Share discoveries using a dashboard
As a last step we will create a dashboard to share our discoveries.
- Select the tile named Discover. You should now see the 3 discoveries that you have previously created:
- Select the tile named Display.
- Click the New display button to create a new dashboard.
- Give the new display a name, e.g. ‘Elevator discoveries‘.
- Click Create.
- Select as layout the Freeform display:
- In the resulting window, select the folder named Shared that contains the discoveries that you created:
- Expand the discovery ‘Elevators with overheated engines’ by selecting the arrow to the right of the discovery.
- Drag and drop the discovery onto the canvas as indicated by the red markers in the screenshot.
- You can use the icons marked red to either resize or reposition the discovery on the canvas as you like.
- Repeat the process for the two other discoveries that you created.
- Provide a title for the display, e.g. ‘Elevator discoveries’.
- Save the discovery in a similar way as you saved the discoveries that you created by giving it a suitable name and making it shared.
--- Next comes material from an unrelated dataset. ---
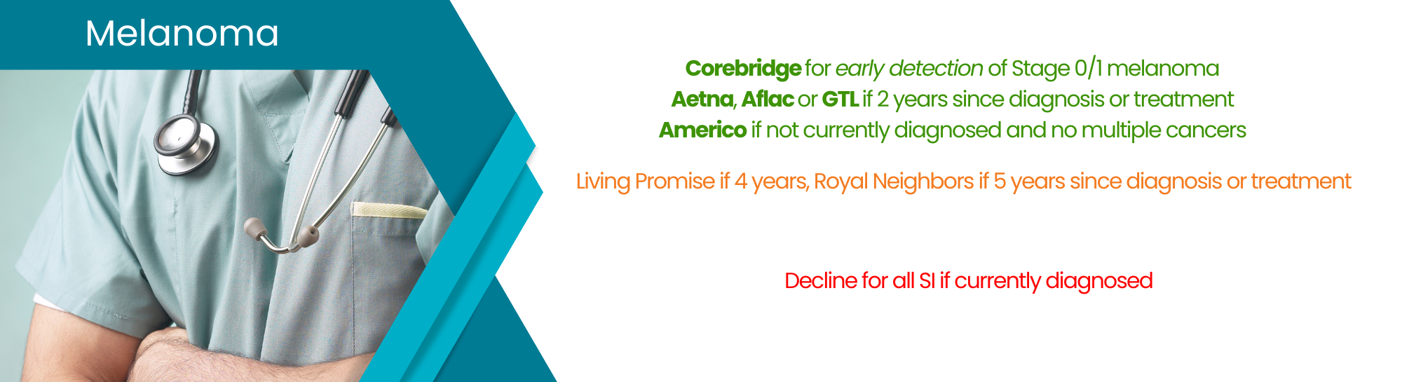 | Corebridge | Decline if Stage 2 or above or for recurrent Melanomas |
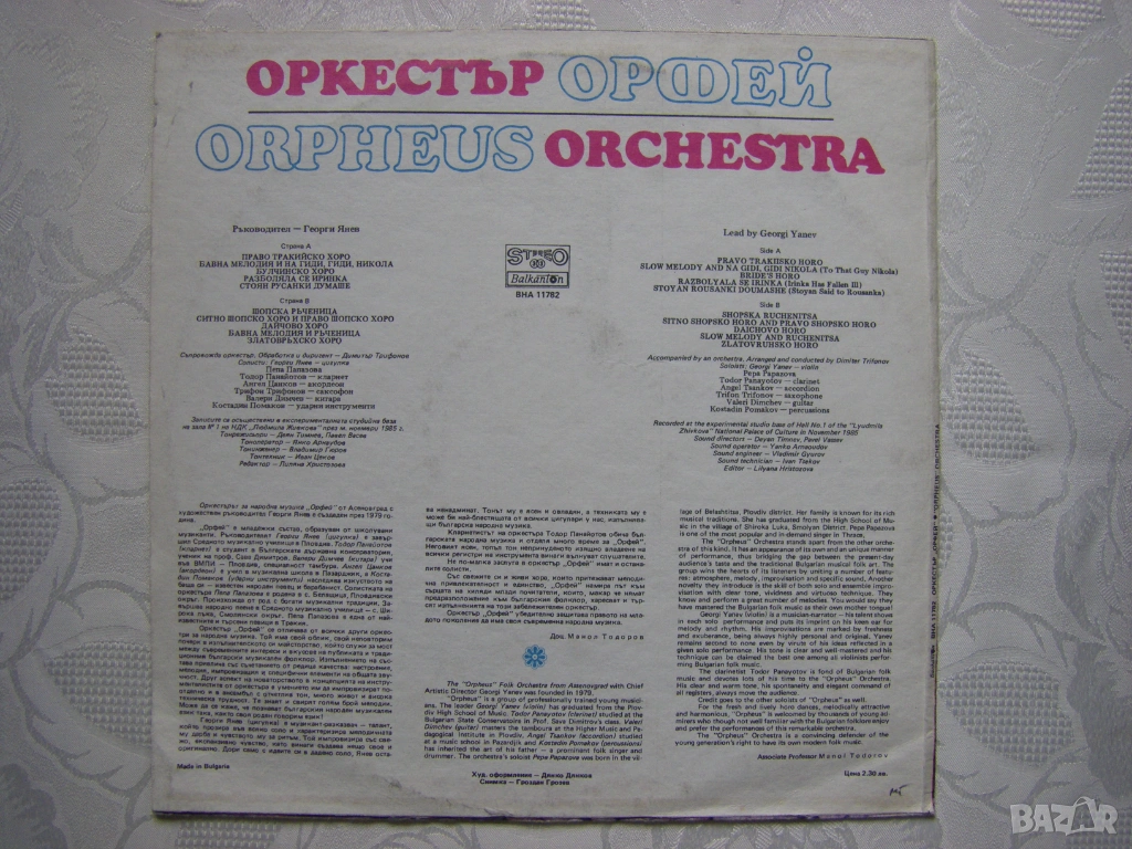 Грамофонна плоча - ВНА 11782 - Оркестър "Орфей", ръководител Георги Янев

- Click IBM Watson Analytics in the top left corner. You should now see your new discovery:
Notice that you can, once that you have added discoveries to the display, set filters and change the format etc. To set a filter, select the Filters icon to the left of the window, then click the + button to the left of the attribute that you would like to filter on (e.g. YEAR). This will create a new filter in the top right of the window and by clicking the filter you can then set the filter as shown below.
- Select the tile named Discover. You should now see the 3 discoveries that you have previously created:
In this recipe we have gone through some basic steps in using IBM Watson Analytics to build reports and dashboards for analytics using elevator device data. By doing so we have demonstrated some self-serve reporting features that leverages Watson’s unique cognitive capabilities in three ways:
- Data Discovery: Provides semantic recognition of concepts in the data such as drivers for motor temperature.
- Guided Analytics: Identifies recommended starting points for analysis.
- Natural Language: Enables interaction in natural language allowing for the exploration of data through simple questions.
The recipe followed a few simple steps by creating a data connection to an external Db2 Warehouse on Cloud Data Warehouse and then defining the data source by selecting the appropriate Db2 Warehouse on Cloud table. Following that setup a number of discoveries (i.e. reports) where created and then in a final step added to a display (i.e. dashboard) suitable for team collaboration.